Data
The data is the monthly volume of commercial bank real-estate loans, in billions of dollars, from January 1973 to October 1978, a total of 70 observations. The data are derived from reports to the Federal Reserve System from large commercial banks.
Libraries
library(forecast)
library(TSA)
library(tidyverse)
library(tseries)
library(lmtest)
Importing the Data
data <- read.csv("D:/UC BANA/Spring 2021/Forecasting Methods/HW4/Loans.csv")
data <- as.ts(data)
Data Visualization
Time Series Plots
data %>% ggtsdisplay()
From the above plots, we observe that the time series has got non-constant variance, so we are transforming the data.
Data Transformation
We will use the Box-Cox tranformation method to find the transformation parameter
#Box-Cox tranformation on the data
bc <- BoxCox.ar(data)
bc$lambda[which.max(bc$loglike)]
## [1] -0.1
We can find that the lambda value is equal to -0.1 which means we have to consider taking log of the model or square root of the model.
ld <- log(data)
sqd <- data^0.5
ld %>% ggtsdisplay()
sqd %>% ggtsdisplay()
Since we do not observe any change in the time series plots of the transformed data, We are not considering data transformation.
Differencing
Since there is a very slow decay in the sample ACF and a high spike at lag 1 in the same PACF, We are differencing the data. Stationarity was not attained when the data was differenced once, Hence we are considering double differencing.
diff_data <- data %>% diff() %>% diff()
diff_data %>% adf.test()
##
## Augmented Dickey-Fuller Test
##
## data: .
## Dickey-Fuller = -3.9847, Lag order = 4, p-value = 0.01579
## alternative hypothesis: stationary
Time Series Plots of Differenced Data
diff_data %>% ggtsdisplay()
We can find that the time series acts more stationary after differencing twice and this is also confirmed by the ADF test. The ADF test generates a p- value of 0.0157 which is less than 0.05, which implies that the null hypothesis can be rejected and the time series is stationary.
Model Selection
From the ACF and PACF of the data, we notice that ACF has a high spike at lag 1 and PACF cuts off after lag 1 . Thus, we can consider an AR(1) model. But, we can see characteristics of MA (1) model also in the plot.
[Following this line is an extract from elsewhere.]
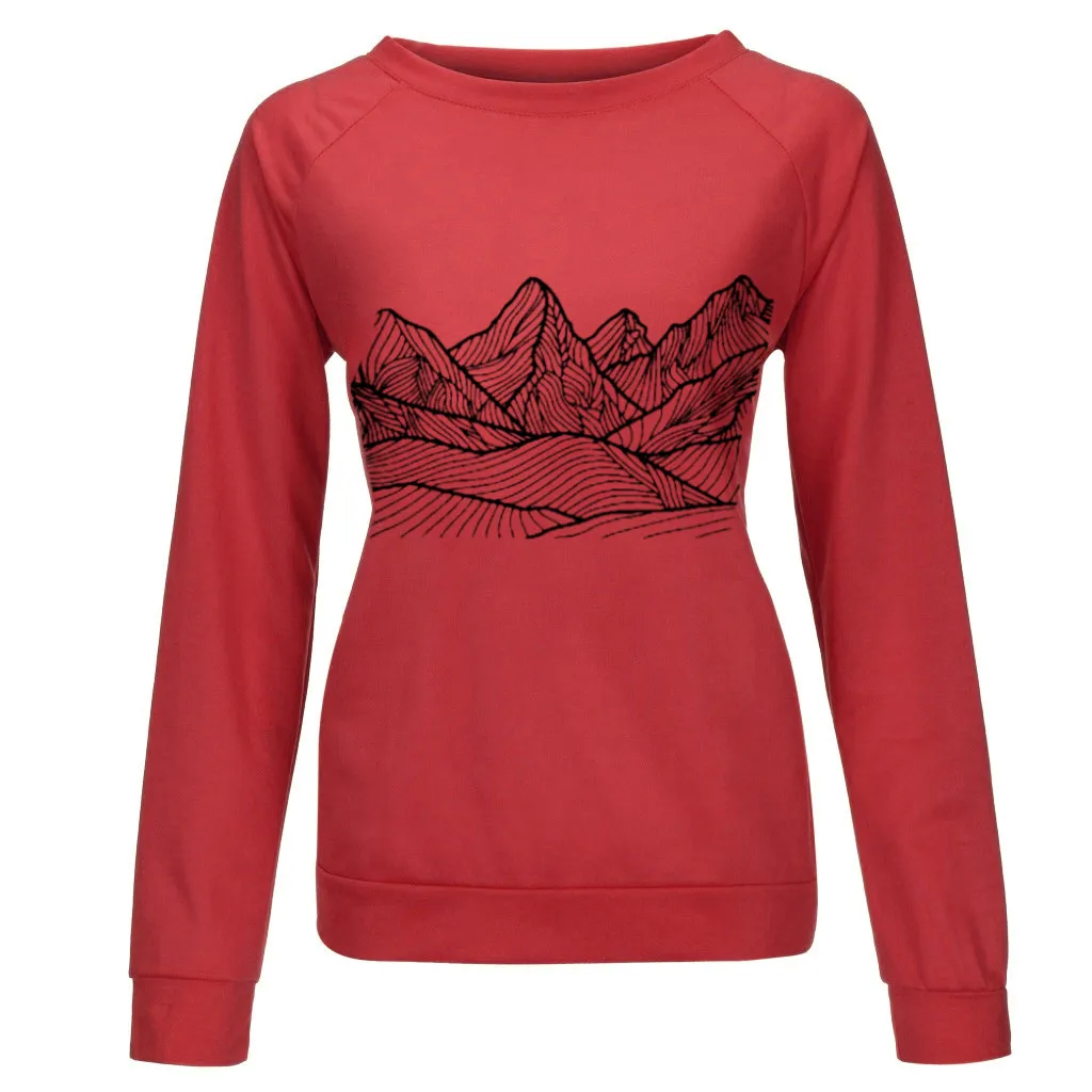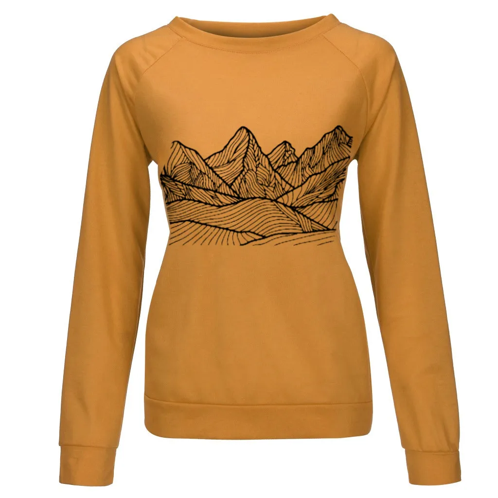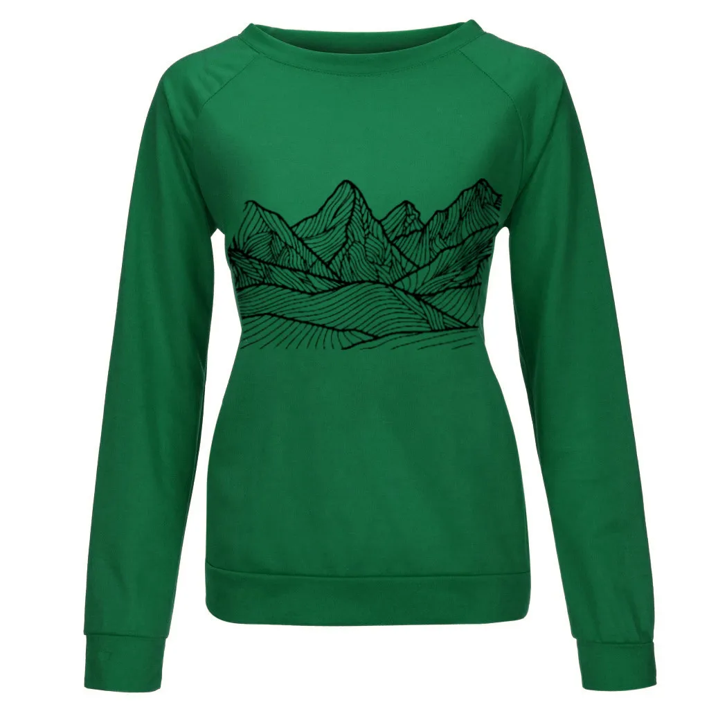 Женский свитшот с рисунком гор, с длинным рукавом, о-образным вырезом, Повседневный пуловер с принтом, элегантный осенний Женский свитшот

Thus, we check for eacf of the data to get a better clarity.
eacf(diff_data)
## AR/MA
## 0 1 2 3 4 5 6 7 8 9 10 11 12 13
## 0 x o o o o o o o o o o o o o
## 1 x o o o o o o o o o o o o o
## 2 x o o o o o o o o o o o o o
## 3 x o o o o o o o o o o o o o
## 4 x o o o o o o o o o o o o o
## 5 o o x x o o o o o o o o o o
## 6 o x x o x o o o o o o o o o
## 7 x o o o x o o o o o o o o o
As per the EACF output, we consider various models to check which model gives a better AIC and BIC values.
#Considering various models
(fit <-arima(data, order = c(0, 2, 1)))
##
## Call:
## arima(x = data, order = c(0, 2, 1))
##
## Coefficients:
## ma1
## -0.3787
## s.e. 0.1084
##
## sigma^2 estimated as 0.08192: log likelihood = -11.33, aic = 24.66
(fit2 <-arima(data, order = c(1, 2, 0)))
##
## Call:
## arima(x = data, order = c(1, 2, 0))
##
## Coefficients:
## ar1
## -0.3593
## s.e. 0.1140
##
## sigma^2 estimated as 0.08281: log likelihood = -11.68, aic = 25.37
(fit3 <-arima(data, order = c(1, 2, 1)))
##
## Call:
## arima(x = data, order = c(1, 2, 1))
##
## Coefficients:
## ar1 ma1
## -0.1444 -0.2577
## s.e. 0.2744 0.2616
##
## sigma^2 estimated as 0.08161: log likelihood = -11.21, aic = 26.41
BIC(fit)
## [1] 31.06567
BIC(fit2)
## [1] 31.77634
BIC(fit3)
## [1] 35.02589
After comparing AIC and BIC values, we conclude that ARIMA(0,2,1) has got lesser values and thus it is a better model.
Parameter Estimation
#parameter estimation for the considered model
coeftest(fit)
##
## z test of coefficients:
##
## Estimate Std. Error z value Pr(>|z|)
## ma1 -0.3787 0.1084 -3.4935 0.0004767 ***
## ---
## Signif. codes: 0 '***' 0.001 '**' 0.01 '*' 0.05 '.' 0.1 ' ' 1
We can see that the coefficient is significant.
Overfitting
Let us check for overfitting by increasing p and q values by 1 and then checking the AIC and BIC values of those models.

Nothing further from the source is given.